ASSIGNMENT → In the records below, find the line that contains "rPET golf set" and the line that contains "Proscenic P15 akumulátorové"; write out exactly those two lines and everything between them, without the pictures.

MATERIAL TO PROCESS →
★ ★ ★
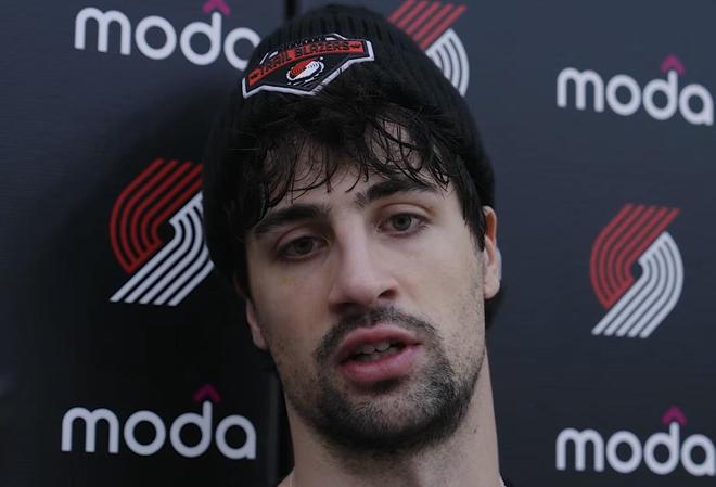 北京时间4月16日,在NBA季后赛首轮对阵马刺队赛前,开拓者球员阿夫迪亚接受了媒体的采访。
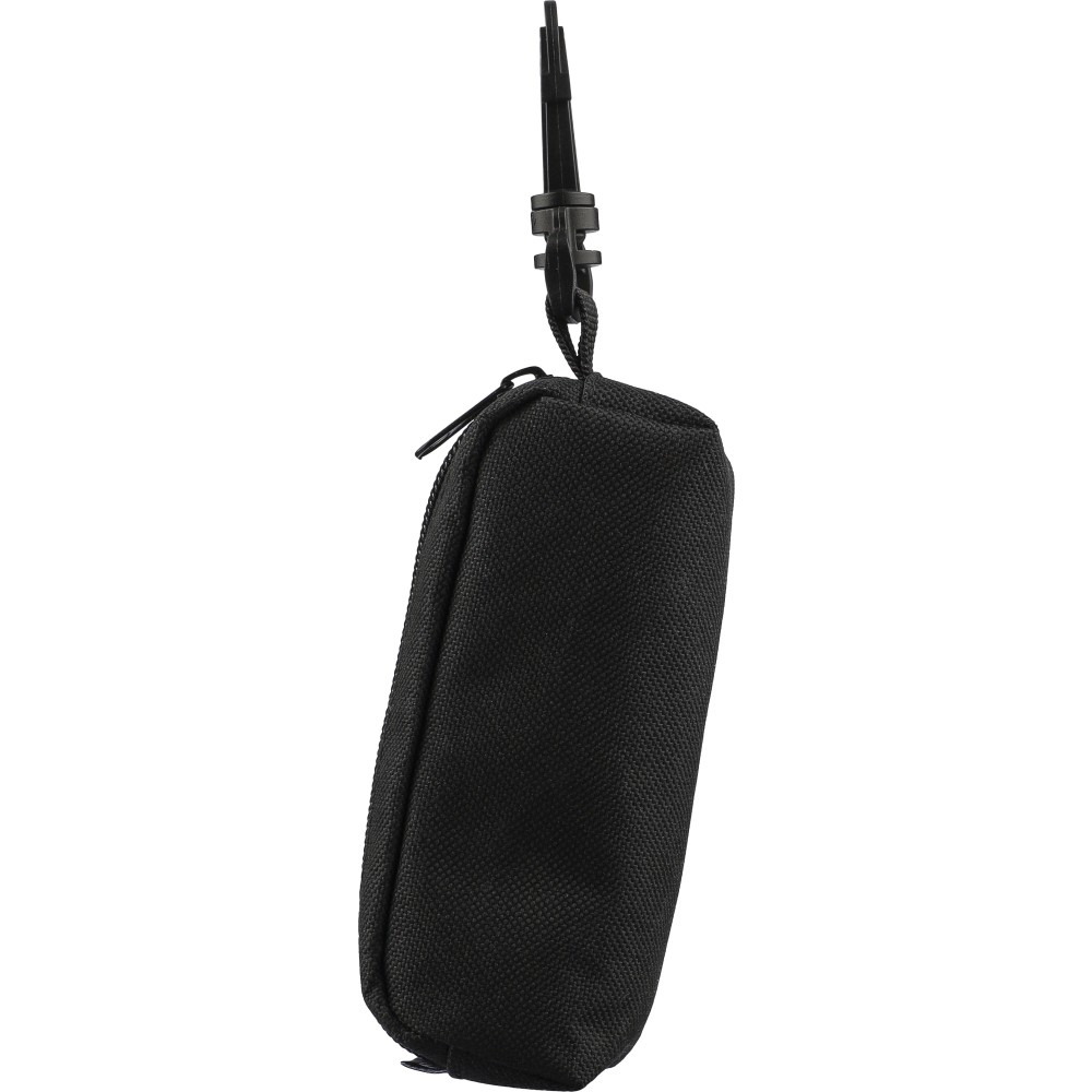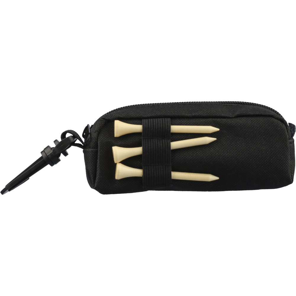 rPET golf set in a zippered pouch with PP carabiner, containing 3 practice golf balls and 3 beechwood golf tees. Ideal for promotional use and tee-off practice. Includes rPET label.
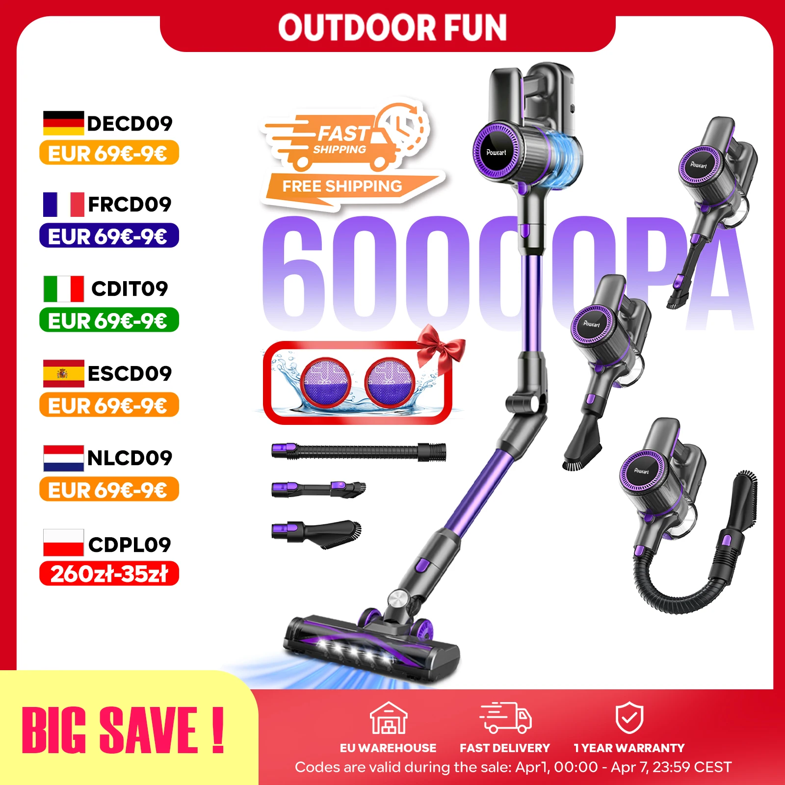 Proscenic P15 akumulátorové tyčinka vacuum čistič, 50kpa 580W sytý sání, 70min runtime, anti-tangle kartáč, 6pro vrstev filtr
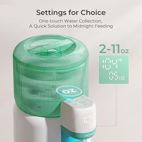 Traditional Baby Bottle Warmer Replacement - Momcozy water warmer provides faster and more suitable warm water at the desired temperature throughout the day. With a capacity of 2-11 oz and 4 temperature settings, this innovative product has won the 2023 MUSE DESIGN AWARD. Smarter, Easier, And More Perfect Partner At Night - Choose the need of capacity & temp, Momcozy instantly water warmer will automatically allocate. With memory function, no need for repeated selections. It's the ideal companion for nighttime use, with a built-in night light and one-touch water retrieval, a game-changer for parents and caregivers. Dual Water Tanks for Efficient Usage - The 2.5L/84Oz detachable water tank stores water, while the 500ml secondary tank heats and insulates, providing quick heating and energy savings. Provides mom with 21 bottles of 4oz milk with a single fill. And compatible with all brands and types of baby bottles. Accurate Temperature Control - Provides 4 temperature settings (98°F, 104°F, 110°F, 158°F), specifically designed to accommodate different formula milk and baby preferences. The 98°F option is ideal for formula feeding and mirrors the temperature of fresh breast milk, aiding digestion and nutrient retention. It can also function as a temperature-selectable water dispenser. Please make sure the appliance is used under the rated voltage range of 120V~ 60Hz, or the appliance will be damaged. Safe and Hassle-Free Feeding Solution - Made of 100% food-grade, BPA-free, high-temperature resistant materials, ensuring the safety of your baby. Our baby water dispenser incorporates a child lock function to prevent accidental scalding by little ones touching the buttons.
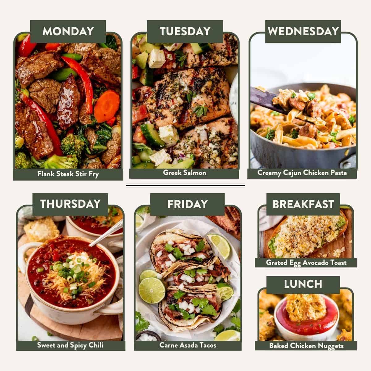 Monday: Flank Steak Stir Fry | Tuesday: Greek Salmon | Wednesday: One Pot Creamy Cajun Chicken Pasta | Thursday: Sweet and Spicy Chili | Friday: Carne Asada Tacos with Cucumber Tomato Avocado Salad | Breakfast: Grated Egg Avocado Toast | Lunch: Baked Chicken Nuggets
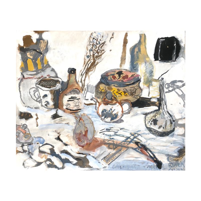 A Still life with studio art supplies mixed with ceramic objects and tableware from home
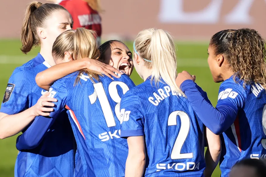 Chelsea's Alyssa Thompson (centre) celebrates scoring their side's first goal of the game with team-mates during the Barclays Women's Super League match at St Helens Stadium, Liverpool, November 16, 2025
★ ★ ★
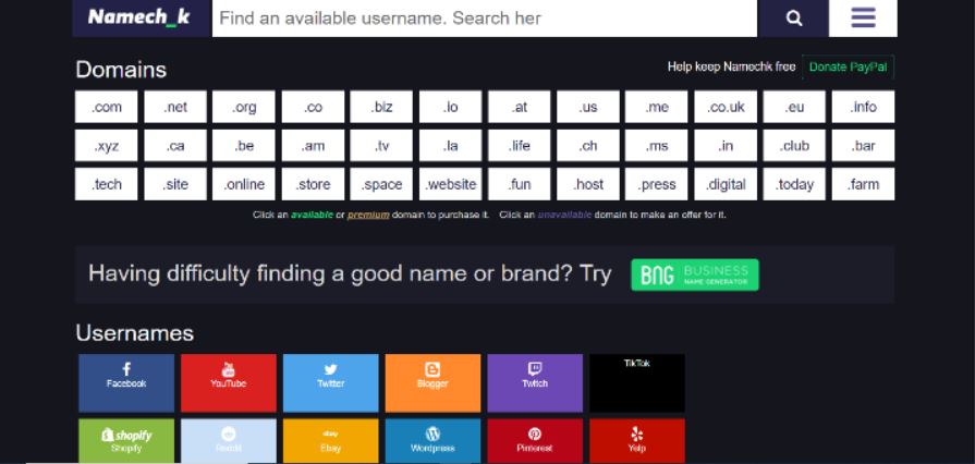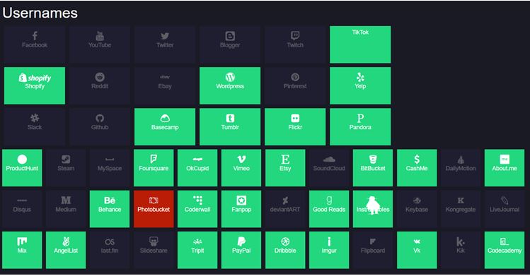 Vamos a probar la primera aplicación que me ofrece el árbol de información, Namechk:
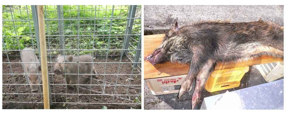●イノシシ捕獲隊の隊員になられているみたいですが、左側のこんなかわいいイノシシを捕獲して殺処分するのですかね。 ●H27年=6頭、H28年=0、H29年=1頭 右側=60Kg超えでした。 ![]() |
★ ★ ★
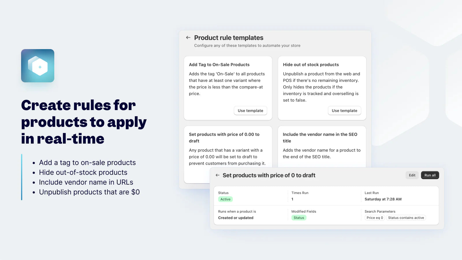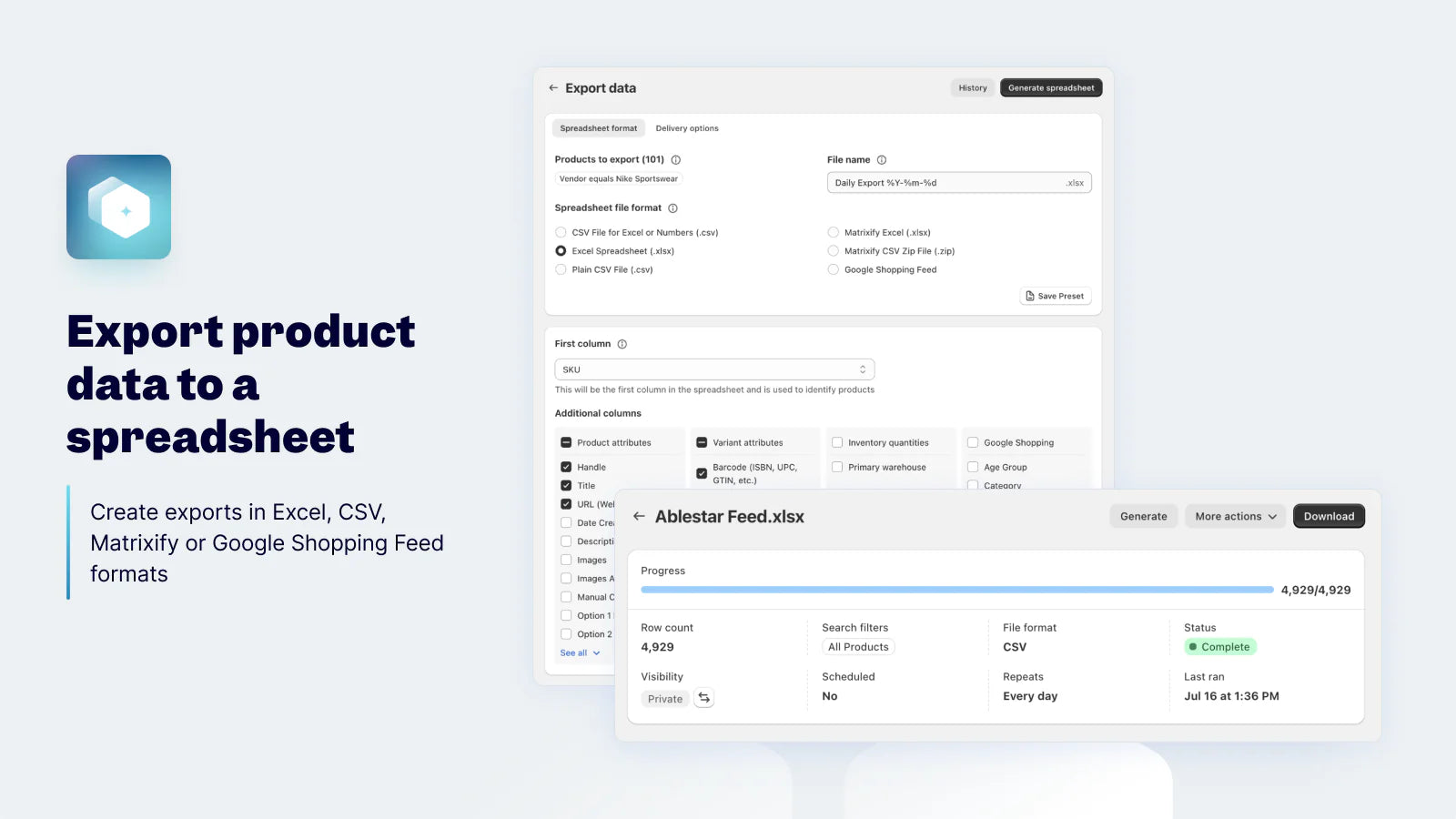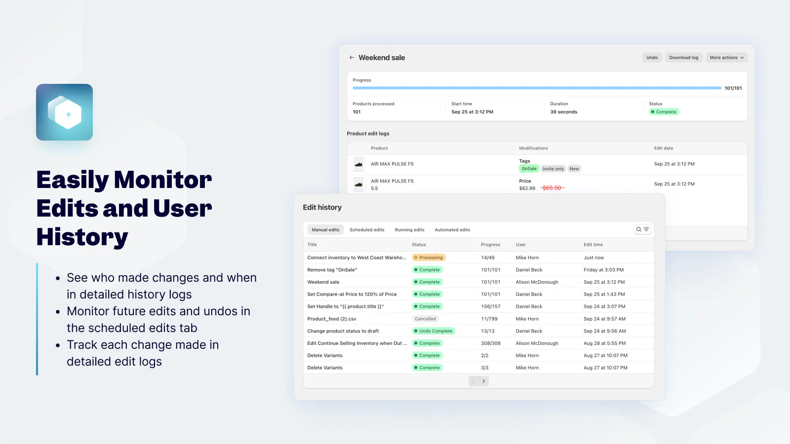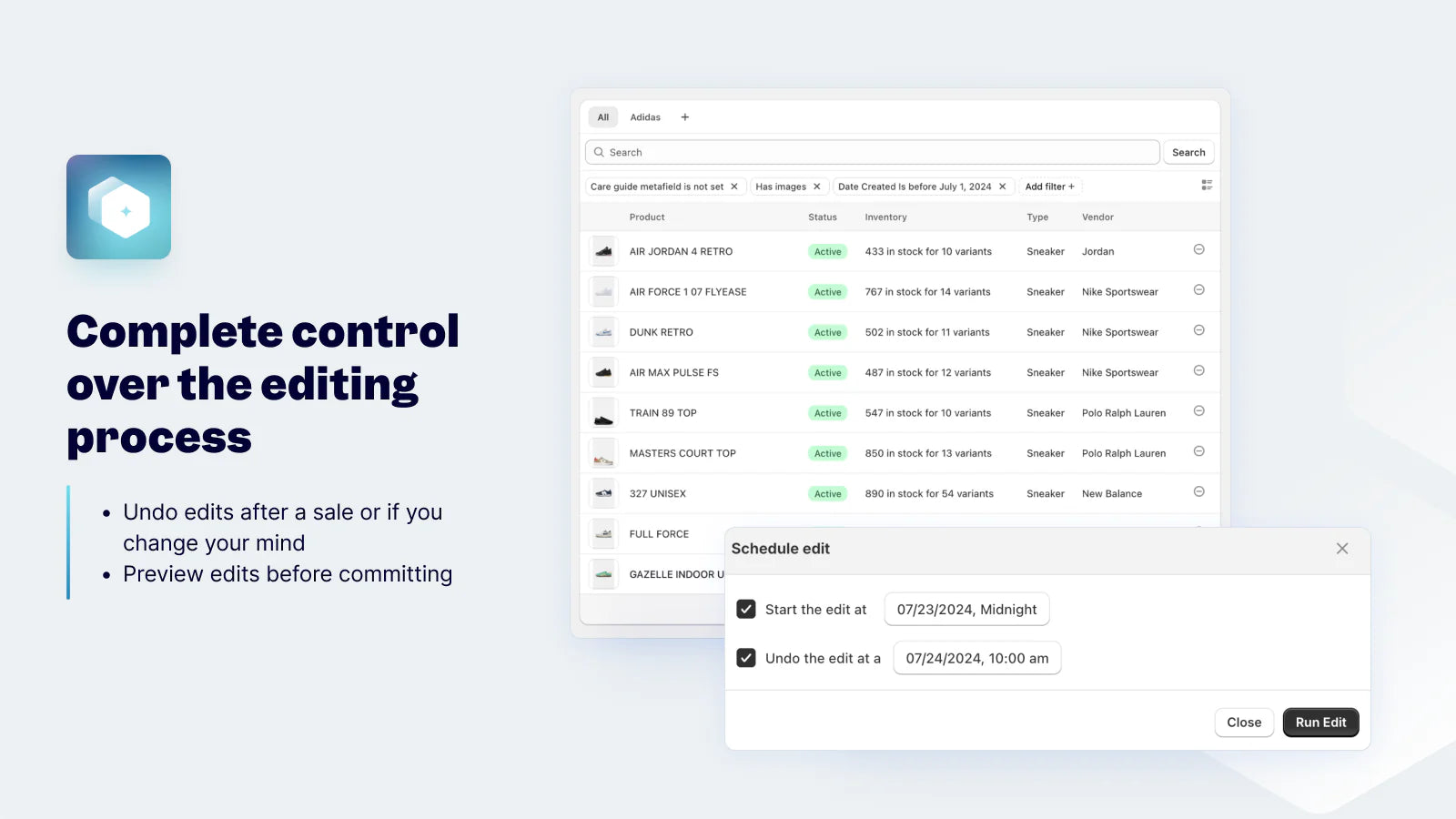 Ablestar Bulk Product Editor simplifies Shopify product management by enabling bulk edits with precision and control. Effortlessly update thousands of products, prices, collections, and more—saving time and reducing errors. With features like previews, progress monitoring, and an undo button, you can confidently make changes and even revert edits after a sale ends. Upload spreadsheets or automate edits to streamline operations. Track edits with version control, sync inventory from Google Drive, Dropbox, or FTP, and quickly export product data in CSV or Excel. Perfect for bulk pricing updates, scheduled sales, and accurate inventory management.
★ ★ ★
SOLUTION TO THIS TASK →
 rPET golf set in a zippered pouch with PP carabiner, containing 3 practice golf balls and 3 beechwood golf tees. Ideal for promotional use and tee-off practice. Includes rPET label.
 Proscenic P15 akumulátorové tyčinka vacuum čistič, 50kpa 580W sytý sání, 70min runtime, anti-tangle kartáč, 6pro vrstev filtr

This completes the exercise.